------ Material for the task

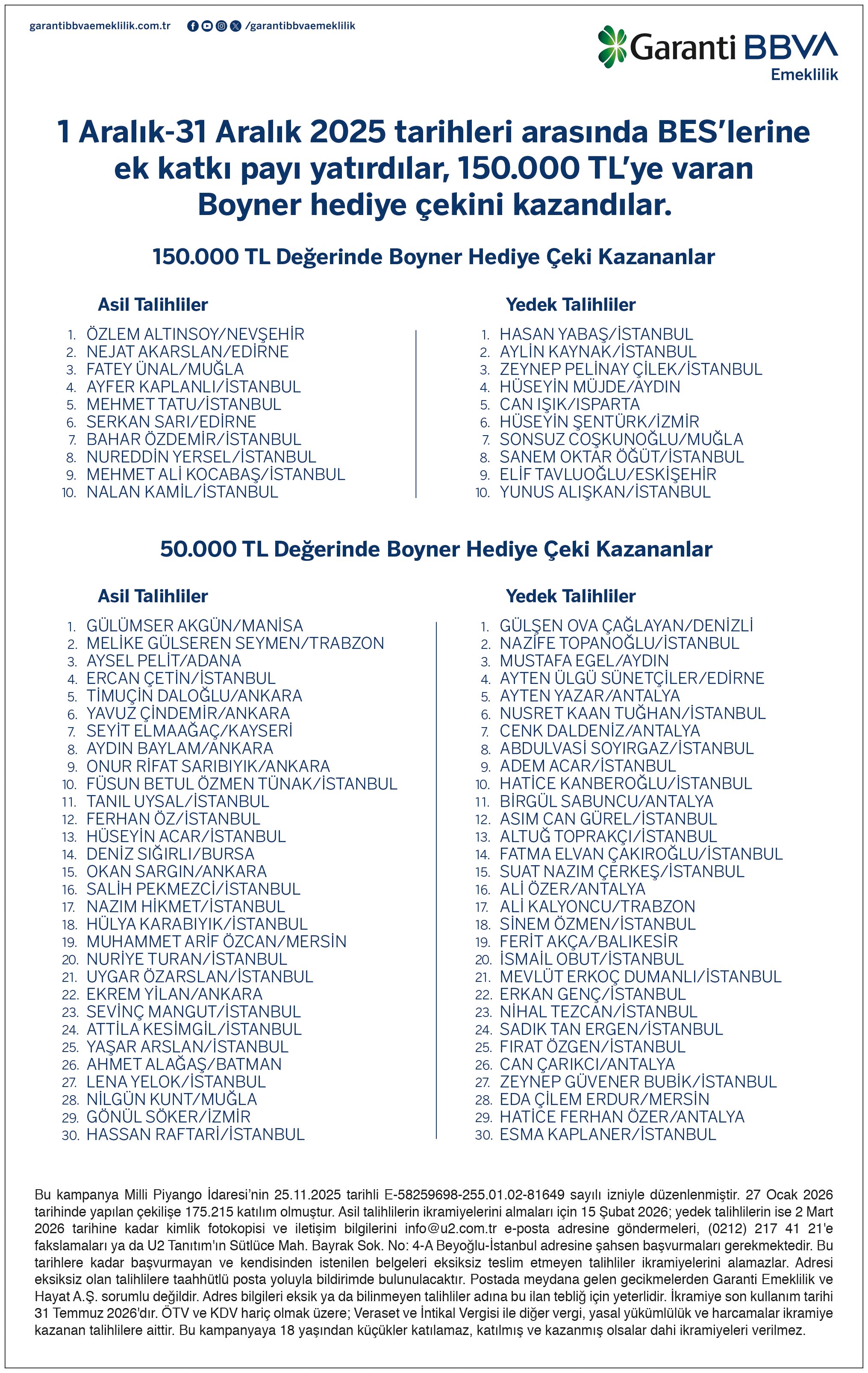 1– 31 Aralık 2025 tarihleri arasında Garanti BBVA veya Garanti BBVA Emeklilik, İnternet Bankacılığı veya Mobil Bankacılık üzerinden veya Garanti BBVA Emeklilik İletişim Merkezi üzerinden sesli onay ile bireysel emeklilik sözleşmesi için 50.000 TL ve üzeri Ek Katkı Payı yatırarak 150.000 TL’ye varan Boyner hediye çekini kazananlar belli oldu! Asil talihliler ve yedek talihliler listesine ulaşmak için buraya tıklayabilirsiniz.
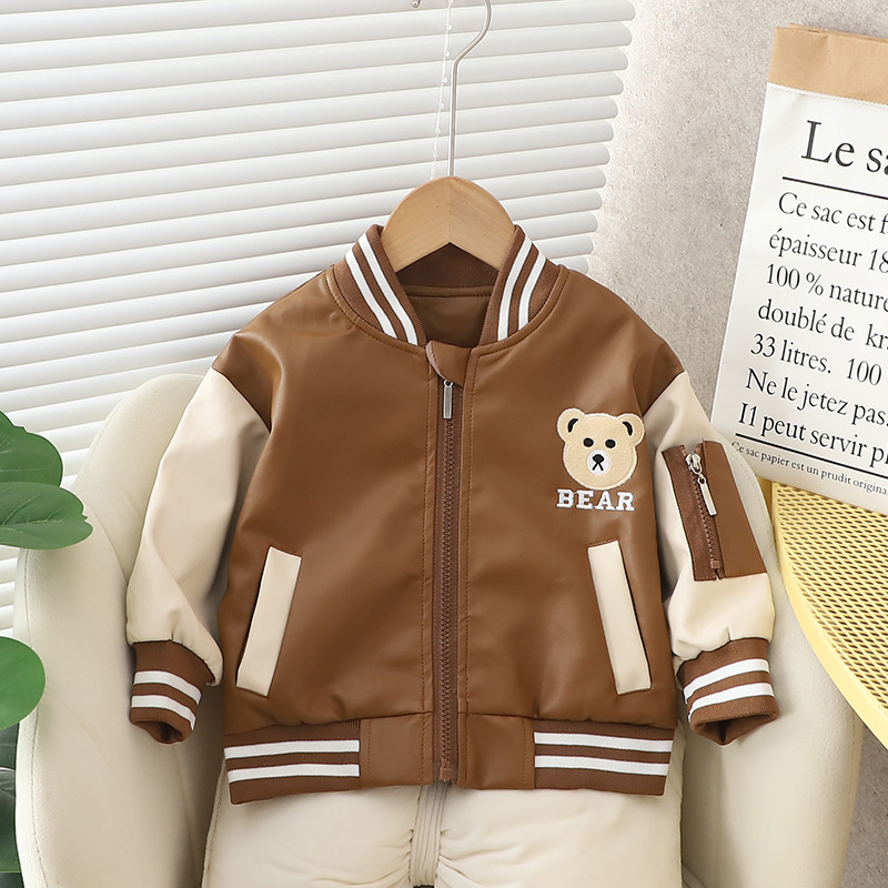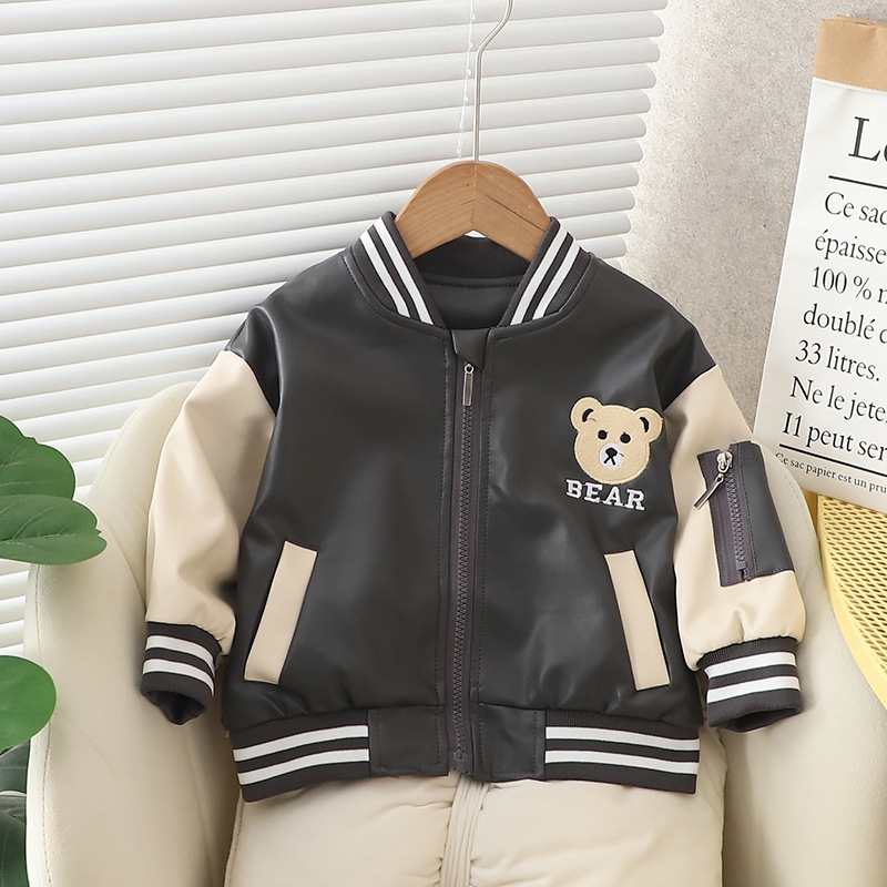 소년 가을 가죽 자켓 2023 새로운 아기 어린이 잘 생긴 가죽 자켓 소년 봄과 가을 탑 스포츠 아동복스토어 가기
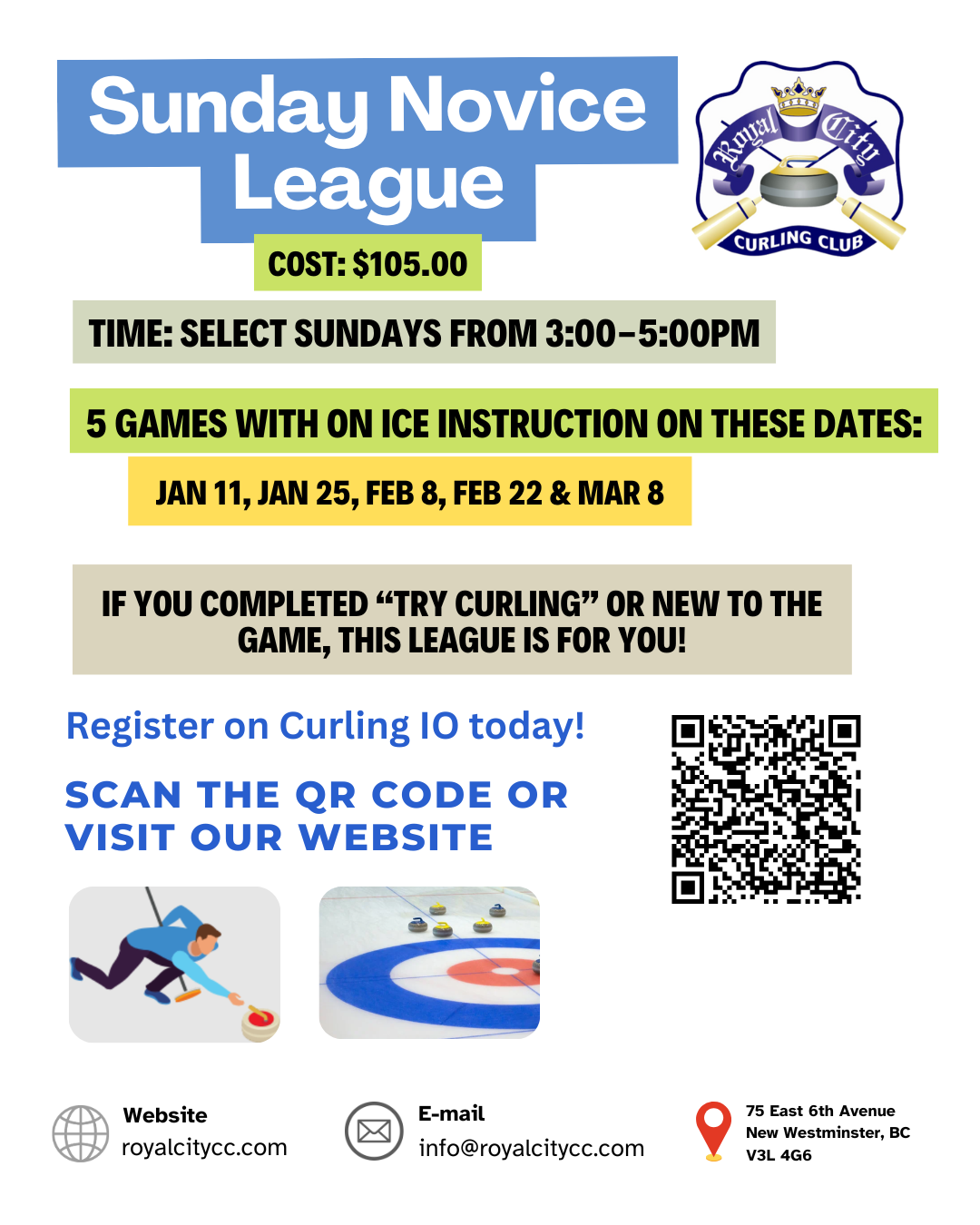 OPTION 2 OF THE SUNDAY NOVICE LEAGUE IS COMING SOON! PERFECT FOR NEW CURLERS!
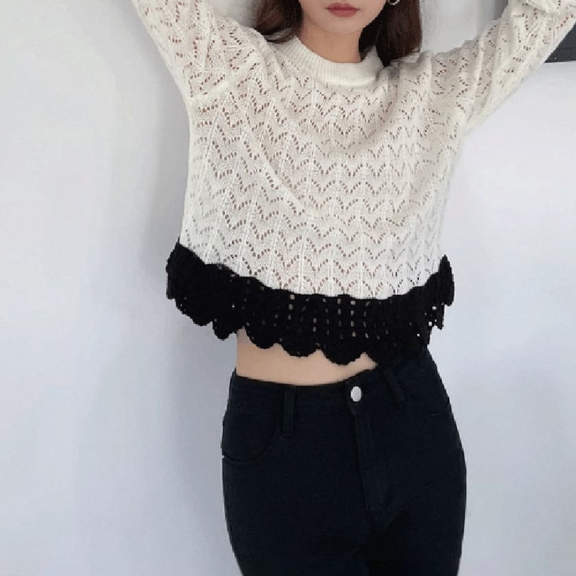 Bicolor crochet scalloped knit A1667
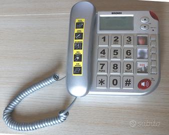 Brondi Super Bravo Plus Telefono a filo senior con telecomando SOS, Installabile anche a muro, Grigio (Argento)
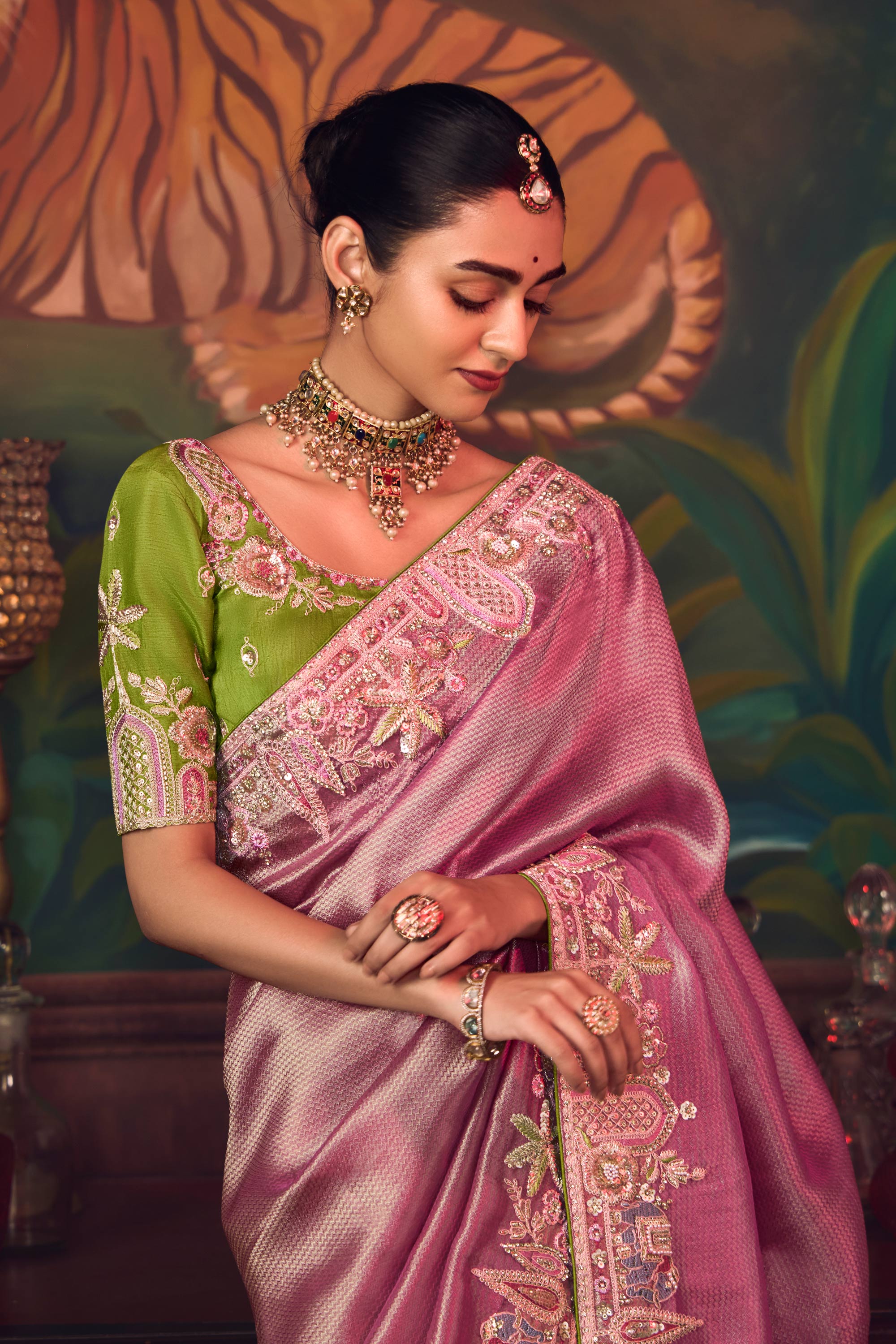 Enhance your ethnic collection with this graceful Heavy Border Work Wedding Bridal Silk Saree. Featuring luxurious silk fabric adorned with intricate border craftsmanship, this saree offers timeless beauty for weddings and celebrations. Accompanied by an unstitched blouse showcasing heavy detailing, you can create a tailored fit for added elegance. Designed for women who love a blend of tradition and luxury, this saree is perfect for making a bold yet refined statement. Treat yourself to unparalleled sophistication.
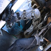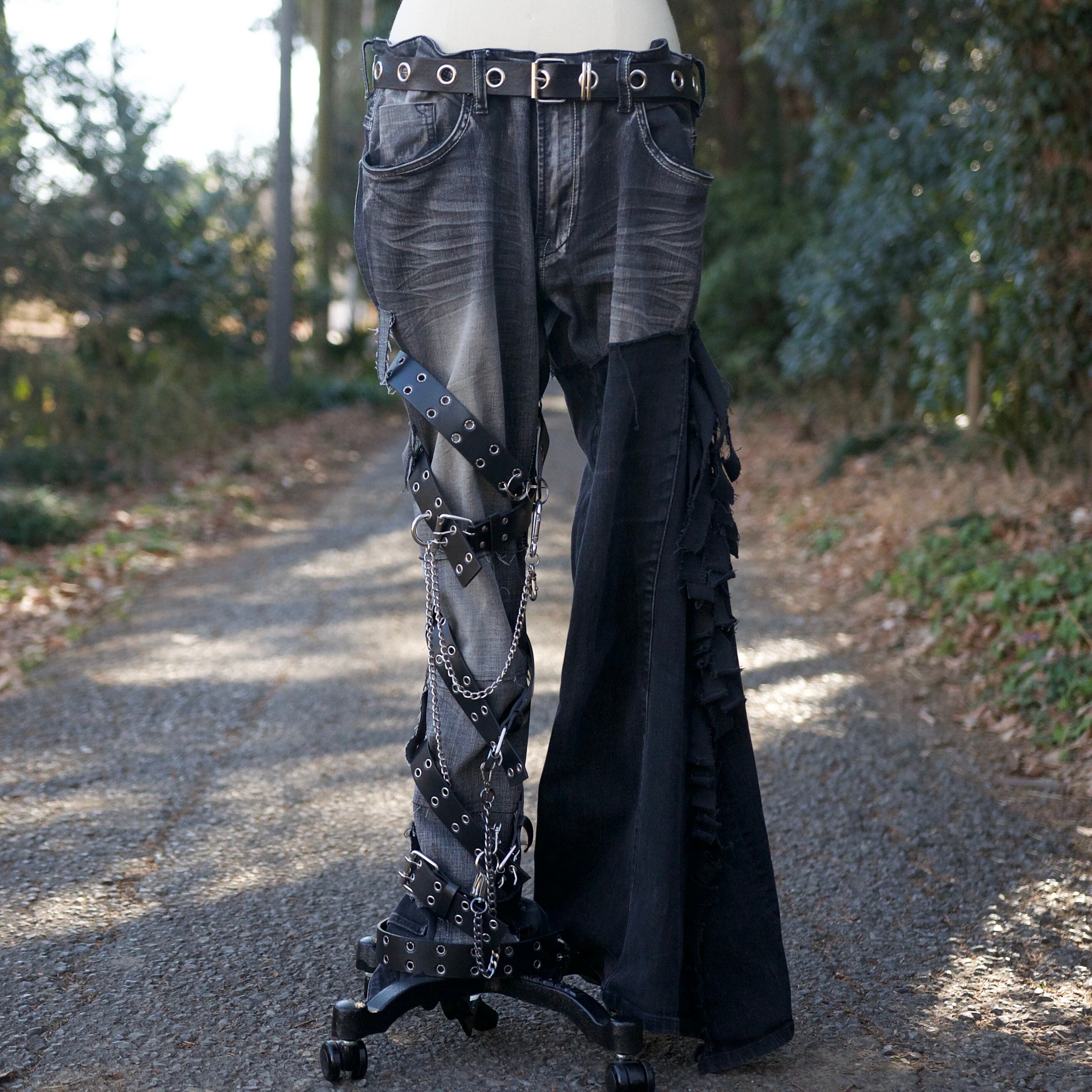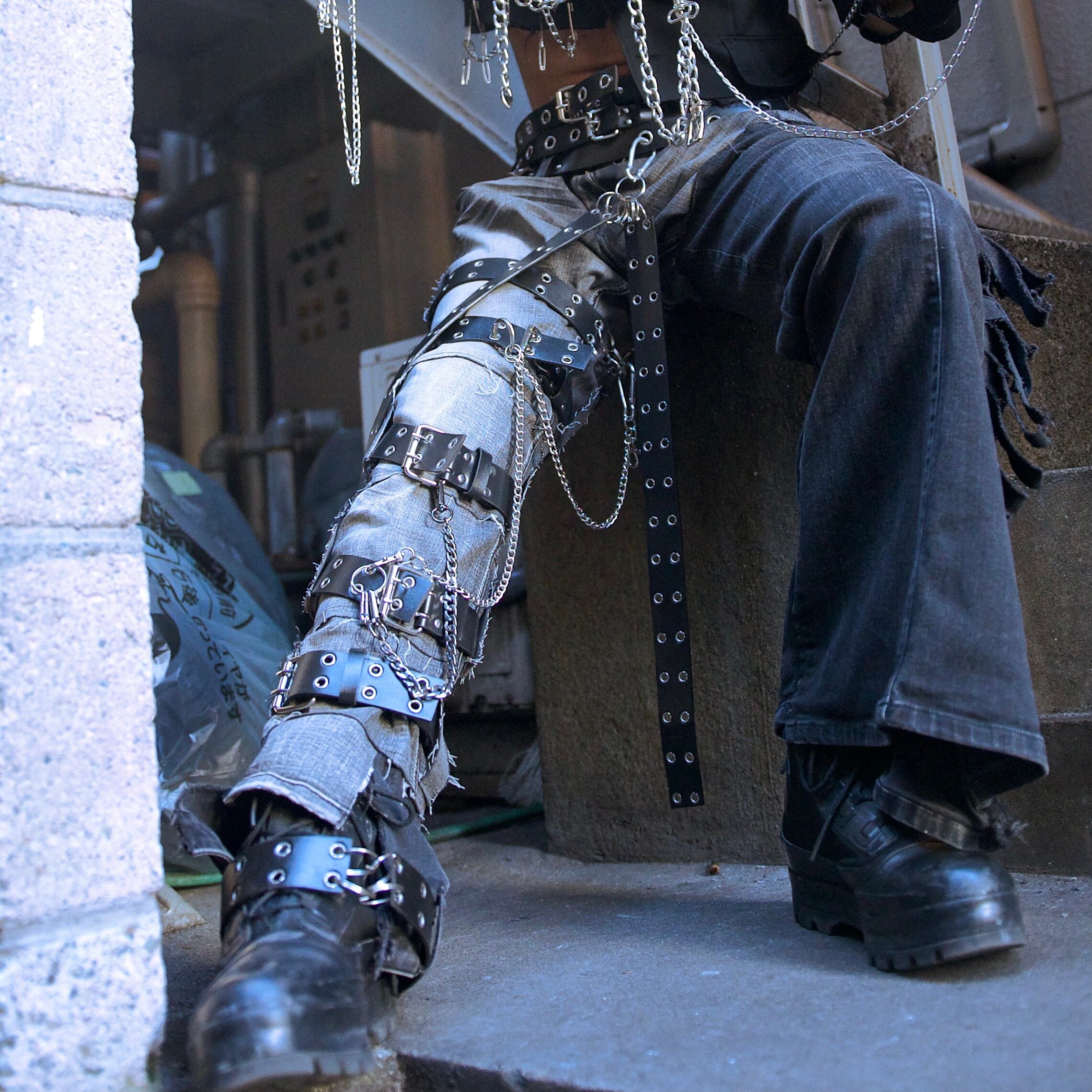 右足にベルト、シルバーチェーンを巻き付けてパンクを演出しています。
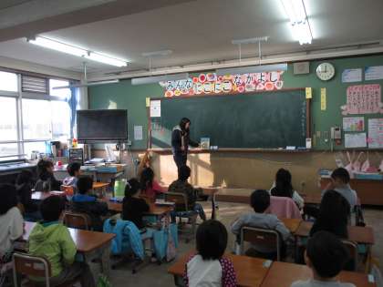 1年生は,月曜日の朝に「朝学習」や「朝の会」をして,先生のお話を聞いています。
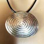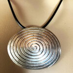 Pendentif oval en métal argenté.
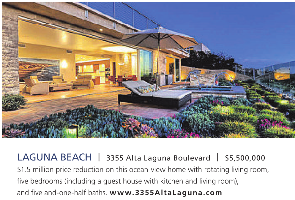 LAGUNA BEACH | 3355 Alta Laguna Boulevard | $5,500,000 $1.5 million price reduction on this ocean-view home with rotating living room, five bedrooms (including a guest house with kitchen and living room), and five and-one-half baths. www.3355AltaLaguna.com

------------

Assignment:
Pictures are not part of the copy. Output only the lines from the one with "Bicolor crochet scalloped knit A1667" through the final line of the records, exactly as given.

Result of this task:
 Bicolor crochet scalloped knit A1667
 Brondi Super Bravo Plus Telefono a filo senior con telecomando SOS, Installabile anche a muro, Grigio (Argento)
 Enhance your ethnic collection with this graceful Heavy Border Work Wedding Bridal Silk Saree. Featuring luxurious silk fabric adorned with intricate border craftsmanship, this saree offers timeless beauty for weddings and celebrations. Accompanied by an unstitched blouse showcasing heavy detailing, you can create a tailored fit for added elegance. Designed for women who love a blend of tradition and luxury, this saree is perfect for making a bold yet refined statement. Treat yourself to unparalleled sophistication.
 右足にベルト、シルバーチェーンを巻き付けてパンクを演出しています。
 1年生は,月曜日の朝に「朝学習」や「朝の会」をして,先生のお話を聞いています。
 Pendentif oval en métal argenté.
 LAGUNA BEACH | 3355 Alta Laguna Boulevard | $5,500,000 $1.5 million price reduction on this ocean-view home with rotating living room, five bedrooms (including a guest house with kitchen and living room), and five and-one-half baths. www.3355AltaLaguna.com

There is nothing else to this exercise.